Alleged Al-Qaeda-linked Islamist leader Ahmad al-Faqi al-Mahdi pleaded guilty to a single charge of cultural destruction at the International Criminal Court in The Hague © ANP/AFP/File / Patrick Post

The Hague, Netherlands, Sep 27 – War crimes judges jailed a Malian jihadist Tuesday for nine years for demolishing Timbuktu’s fabled shrines, a landmark ruling seen as a warning that destroying mankind’s heritage will not go unpunished.

In the first such case to focus on cultural destruction as a war crime, the International Criminal Court found Ahmad al-Faqi al-Mahdi guilty of directing attacks on the UNESCO world heritage site during the jihadist takeover of northern Mali in 2012.

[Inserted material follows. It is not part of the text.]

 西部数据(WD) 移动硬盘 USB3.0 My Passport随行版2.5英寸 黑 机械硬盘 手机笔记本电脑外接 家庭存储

Mahdi “supervised the destruction and gave instructions to the attackers” who took pickaxes and bulldozers to the centuries-old shrines, presiding judge Raul Pangalangan told the tribunal.

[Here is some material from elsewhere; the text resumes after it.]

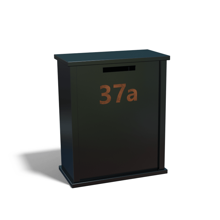 Dieser Briefkasten hat an der Vorderseite einen Einwurfschlitz. Die Postentnahmetür befindet sich auf der Rückseite und ist mit einem Schloss versehen. Dieser Briefkasten wird standardmäßig mit zwei Schlüsseln geliefert.

The mausoleums of Timbuktu © AFP / Alain BOMMENEL, Jean-Michel CORNU

“The chamber unanimously finds that Mr al-Mahdi is guilty of the crime of attacking protected sites as a war crime,” he added, during an hour-long hearing at the tribunal based in The Hague.

ICC chief prosecutor Fatou Bensouda, whose office had asked for a 9-11 year sentence, said it will signal to perpetrators that destroying cultural heritage is “a serious crime”.

“It is a war crime and they will be held accountable for destroying these important sites,” she told AFP.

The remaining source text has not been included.